For years I’ve felt like a lonely optimist in a dark and dangerous world.
In 2007, the U.S. economy was booming. House prices soared, unemployment was rare and anything seemed possible.
Then came the Great Recession, stock market collapse and the world financial system’s near failure. No one knew what to do.
Since that scary winter of 2009, the U.S. economy has rebounded. Car sales have doubled and housing starts quadrupled. The unemployment rate is half the recession peak.
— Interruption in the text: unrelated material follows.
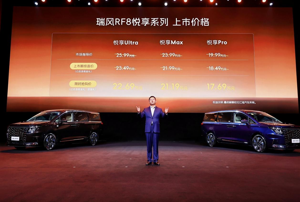 3月28日,瑞风RF8悦享系列正式上市,新车共推出Pro、Max、Ultra三款配置版本,限时抢购价17.69万元起。

Anecdotally, the pickup is dramatic. Help wanted signs have sprouted in store windows, trucks clog highways and realtors occasionally smile. The stock market has nearly tripled. For the first time in years, U.S. energy independence is possible.
Yet most Americans believe the country is on the wrong path. Only a month ago, the stock market plunged amid a weakening economy and troubles in China.
While problems never disappear, perspective is in order. U.S. GDP is up $3 trillion from the recession low to $17.4 trillion. The number of people with jobs in the U.S. is up by 10 million from 2009 to 148 million now.
Is everything perfect? No. But gloom and doom are overstated. After a scary drop in late August and September, the stock market rebounded and is flat for the year.
An investor must be an optimist and it’s possible they are at least partly right.